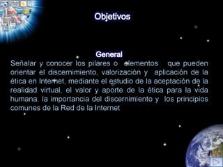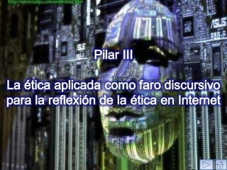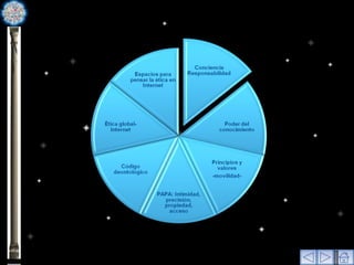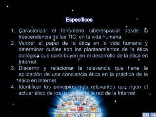El documento aborda la necesidad de desarrollar una ética ciberespacial que fomente la responsabilidad y la reflexión de los usuarios de Internet, dado que la falta de regulación en el ciberespacio promueve el individualismo y el permisivismo. Se discute la importancia de una ética aplicada que contemple la pluralidad y dinámica del entorno digital, proponiendo que los usuarios deben ser conscientes de las implicaciones morales de sus actos en la red. Finalmente, se sugieren espacios de diálogo y educación sobre principios éticos para lograr una convivencia armónica en el ciberespacio.
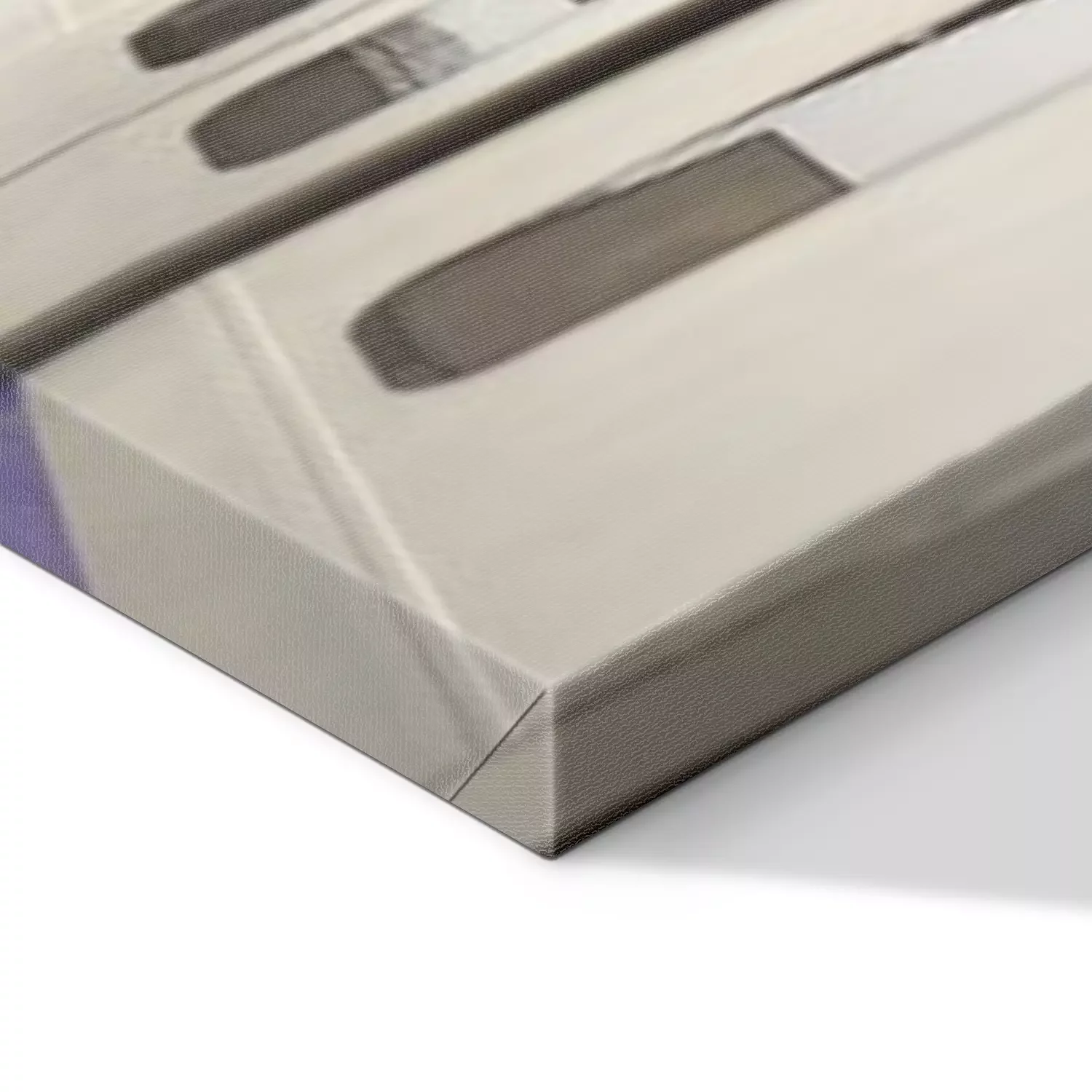 De print wordt aangebracht op hoogwaardig canvas dat op een schildersweefgetouw (spieraam) wordt gespannen. Omdat de print de zijranden bedekt, hoeft het ontwerp niet met een extra kader te worden omlijst. Wij raden ook composities aan die uit meerdere foto's bestaan en zo een coherente compositie vormen.
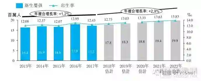 中国政策上近年逐步放宽计划生育政策。新生婴孩数目已由2013年的1640 万人增至2017年的1720 万人,期间年复合增长率为1.2%,出生率由12.08‰ 增至12.43‰。根据沙利文报告,未来数年的出生率预计将稳步增至13‰ 以上。
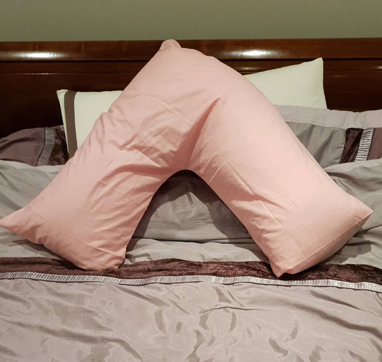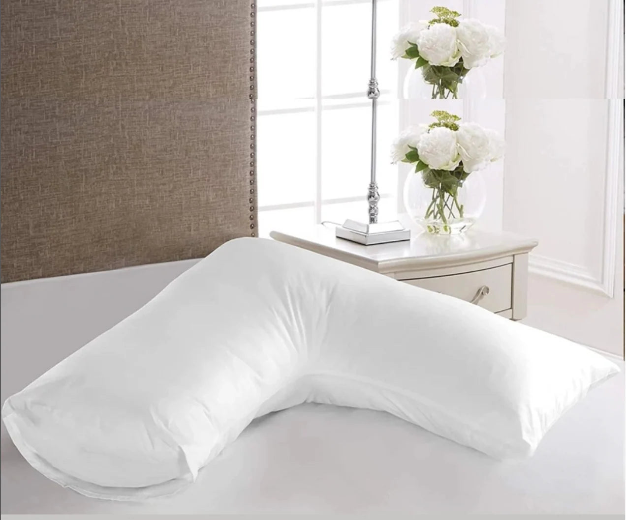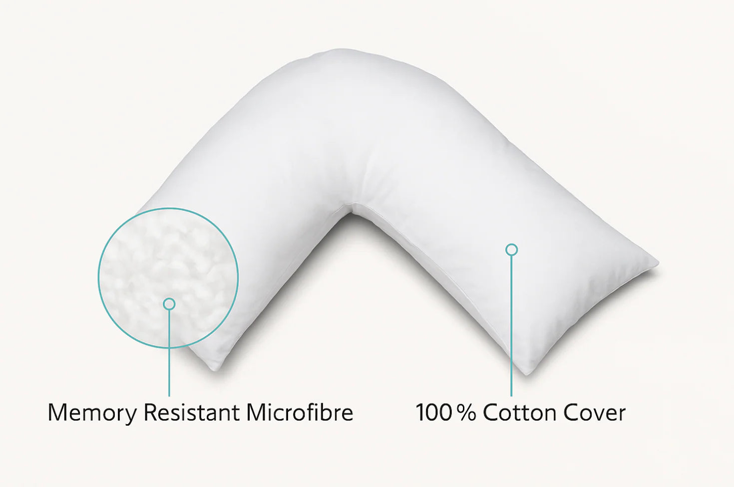 We use a 100% cotton cover for a soft and breathable feel against the skin. The filling of this v shaped pillow is a resilient material designed for lasting support and comfort.
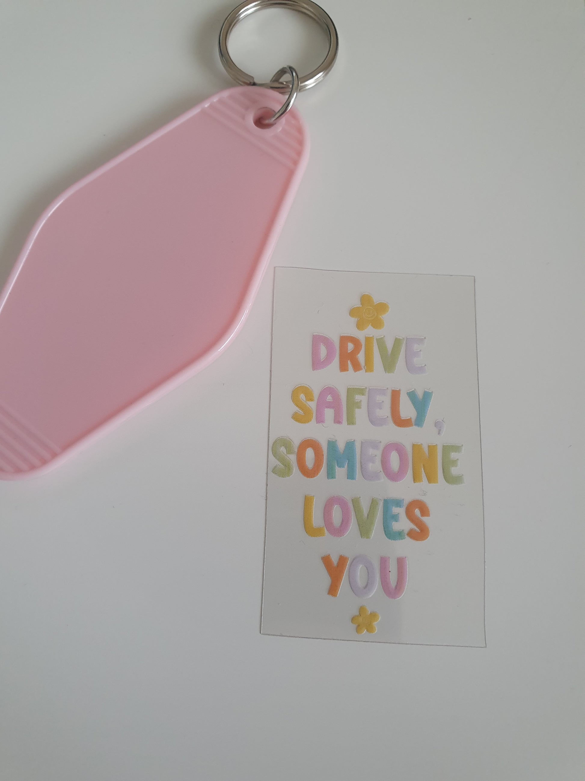 Drive Safely Motel Keyring UV DTF print
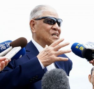 平和祈念講演で報道陣の質問に答える李登輝元総統
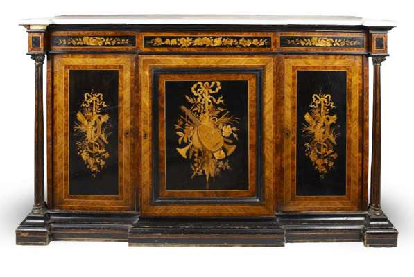 the breakfront marble top above three panelled cupboard doors inlaid with trophy motifs, opening to reveal a shelved interior, flanked by fluted Corinthian pilasters, and raised on a plinth base
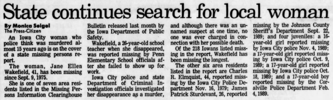 An article about the continued search for Jane Wakefield that was published in The Iowa City Press-Citizen on January 25, 1990.
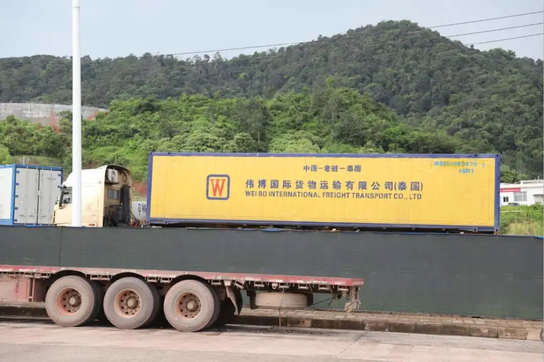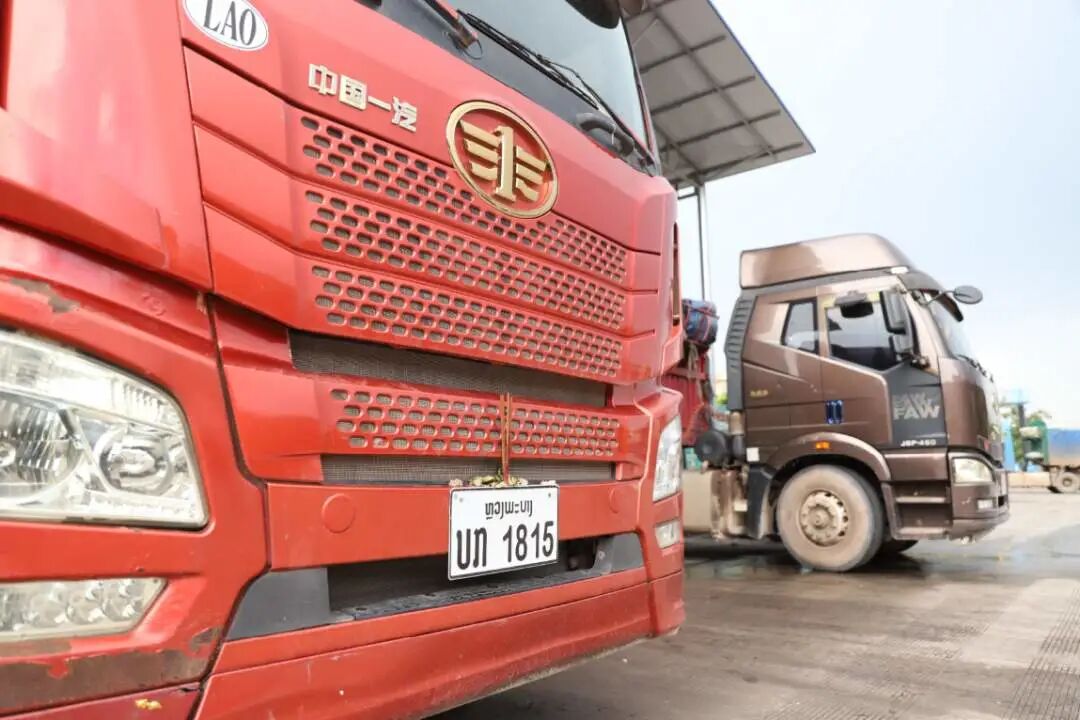 一眼望去,磨憨口岸综合提升改造项目建设有序推进;一辆辆印有“中国-老挝-泰国”字样的集装箱货车在小镇穿梭;货场内,几辆老挝牌照大货车正在装载货物……
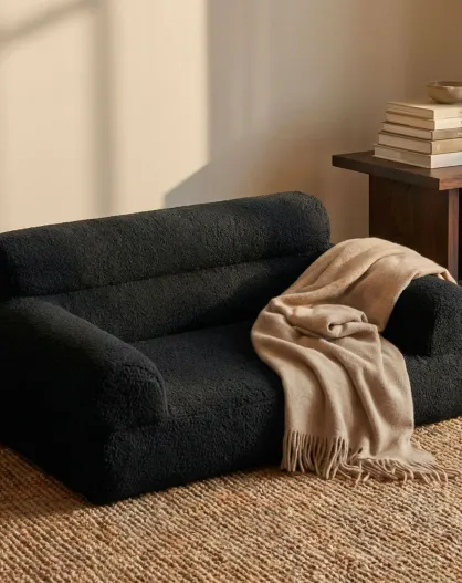 Titou bank voor honden en katten in zwarte krullende stof - 80x52x32 cm
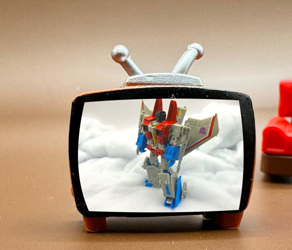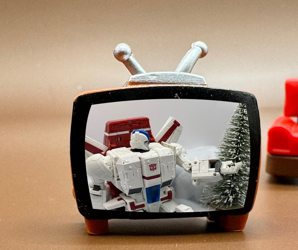 “Yes!” sighed the storyteller before continuing. “Jetfire was out in the winter snow and struggling to understand how he was a Transformer here on Earth. He hadn’t performed well in a fight when protecting his fellow Autobots, but did do well when he was protecting the humans. The human Buster, told him that was normal because Jetfire had been born a Transformer on Earth. Jetfire didn’t just learn about the Christmas spirit, but also the human spirit.” Again the images changed on the screen, to a white and red robot sat in snow looking at a Christmas Tree, then standing proudly by the house it was next too, before changing into a plane and flying away.

***

Write out exactly, and only, the lines from the line holding "De print wordt" through the end of the data, inclusive, without any pictures.

• _Reply_
 De print wordt aangebracht op hoogwaardig canvas dat op een schildersweefgetouw (spieraam) wordt gespannen. Omdat de print de zijranden bedekt, hoeft het ontwerp niet met een extra kader te worden omlijst. Wij raden ook composities aan die uit meerdere foto's bestaan en zo een coherente compositie vormen.
 中国政策上近年逐步放宽计划生育政策。新生婴孩数目已由2013年的1640 万人增至2017年的1720 万人,期间年复合增长率为1.2%,出生率由12.08‰ 增至12.43‰。根据沙利文报告,未来数年的出生率预计将稳步增至13‰ 以上。
 We use a 100% cotton cover for a soft and breathable feel against the skin. The filling of this v shaped pillow is a resilient material designed for lasting support and comfort.
 Drive Safely Motel Keyring UV DTF print
 平和祈念講演で報道陣の質問に答える李登輝元総統
 the breakfront marble top above three panelled cupboard doors inlaid with trophy motifs, opening to reveal a shelved interior, flanked by fluted Corinthian pilasters, and raised on a plinth base
 An article about the continued search for Jane Wakefield that was published in The Iowa City Press-Citizen on January 25, 1990.
 一眼望去,磨憨口岸综合提升改造项目建设有序推进;一辆辆印有“中国-老挝-泰国”字样的集装箱货车在小镇穿梭;货场内,几辆老挝牌照大货车正在装载货物……
 Titou bank voor honden en katten in zwarte krullende stof - 80x52x32 cm
 “Yes!” sighed the storyteller before continuing. “Jetfire was out in the winter snow and struggling to understand how he was a Transformer here on Earth. He hadn’t performed well in a fight when protecting his fellow Autobots, but did do well when he was protecting the humans. The human Buster, told him that was normal because Jetfire had been born a Transformer on Earth. Jetfire didn’t just learn about the Christmas spirit, but also the human spirit.” Again the images changed on the screen, to a white and red robot sat in snow looking at a Christmas Tree, then standing proudly by the house it was next too, before changing into a plane and flying away.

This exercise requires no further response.